Muscle strength and ability to balance gradually decreased in the MPTP group. In addition, motor function tests revealed that mice treated with MPTP exhibited significantly lower performance from days 13 to 20 after the first MPTP injection compared to the control group (Figs. 2, 3 and 4). These findings confirm that our PD model was well developed and sustained.
Fig. 2

Effects of combination treatment on days 2 (a), 4 (b), 6 (c), and 8 (d) after first treatment with KD5040 based on the rotarod test. The l -dopa groups (LL and ML) exhibited dose-dependent increases in latency time, and the combination treatment resulted in synergistic increases. C: control, M: MPTP, K: KD5040, LL: low dose of l -dopa (5 mg/kg), ML: medium dose of l -dopa (10 mg/kg). *** p < 0.001 compared to control, ### p < 0.001 and ## p < 0.01 compared to MPTP, and ††† p < 0.001, †† p < 0.01, and † p < 0.05 compared to each dose of l -dopa

Fig. 3

Effects of combination treatment on days 1 (a), 3 (b), 5 (c), and 7 (d) after first treatment with KD5040 based on the rearing test. The number of rearing behaviors in both l -dopa groups (LL and ML) significantly increased relative to the MPTP group, which increased further after co-administration with KD5040. C: control, M: MPTP, K: KD5040, LL: low dose of l -dopa (5 mg/kg), ML: medium dose of l -dopa (10 mg/kg). ***p < 0.001 compared to control, ### p < 0.001 and ##p < 0.01 compared to MPTP, and ††† p < 0.001 and †† p < 0.01, compared to each dose of l -dopa

Fig. 4

Effects of combination treatment on days 1 (a), 3 (b), 5 (c), and 7 (d) after first treatment with KD5040 based on the pole test. KD5040 in combination with l -dopa (LL and ML) reduced time to descend compared to the respective doses of l -dopa alone. C: control, M: MPTP, K: KD5040, LL: low dose of l -dopa (5 mg/kg), ML: medium dose of l -dopa (10 mg/kg). *** p < 0.001, ** p < 0.01, and * p < 0.05 vs. control, ### p < 0.001, ## p < 0.01, and # p < 0.05 vs. MPTP, and ††† p < 0.001, †† p < 0.01, and † p < 0.05 vs. each dose of l -dopa

An analysis of latency times in the rotarod test revealed dose-dependent increases in latency in the l -dopa groups (LL and ML) compared to the MPTP group (p < 0.01 and 0.001 in LL and ML, respectively, vs. MPTP) on day 7 after initiation of l -dopa treatment. Furthermore, on day 7 after treatment, KD5040 and l -dopa produced synergistic increases in latency (p < 0.001 vs. both LL and ML) that first appeared on day 3 after treatment. Overall, combination treatment with KD5040 and 5 mg/kg l -dopa (which is half the standard dose) produced the same degree of improvement in the rotarod test compared to a higher dose of l -dopa (10 mg/kg) alone (Fig. 2).

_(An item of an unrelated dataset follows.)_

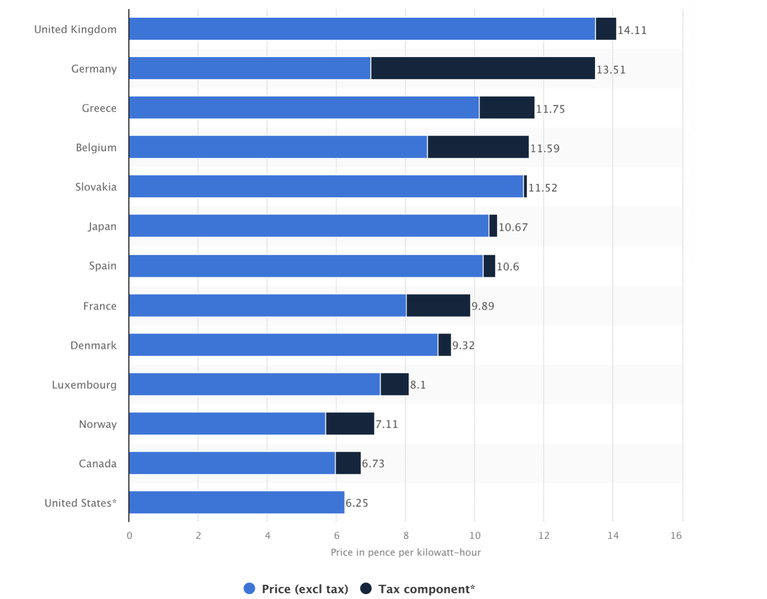 德国电力市场上目前工业电价约为14欧分/度。总理朔尔茨此前在竞选时曾承诺将推动对标法国的4欧分/度的优惠工业电价,但目前为止并未对该国财政部的提案表示支持。

Behavioral results of the cylinder wall touch test were similar to those of the rotarod test. The number of cylinder wall touches in both l -dopa groups (LL and ML) showed a dose-dependent increase compared to the MPTP group (p < 0.01 and 0.001 in LL and ML, respectively, vs. MPTP) on day 7 of treatment. Furthermore, combination treatment with KD-5040 and L-dopa produced significantly higher cylinder wall touches on day 7 (each p value <0.001 vs. LL and ML; Fig. 3).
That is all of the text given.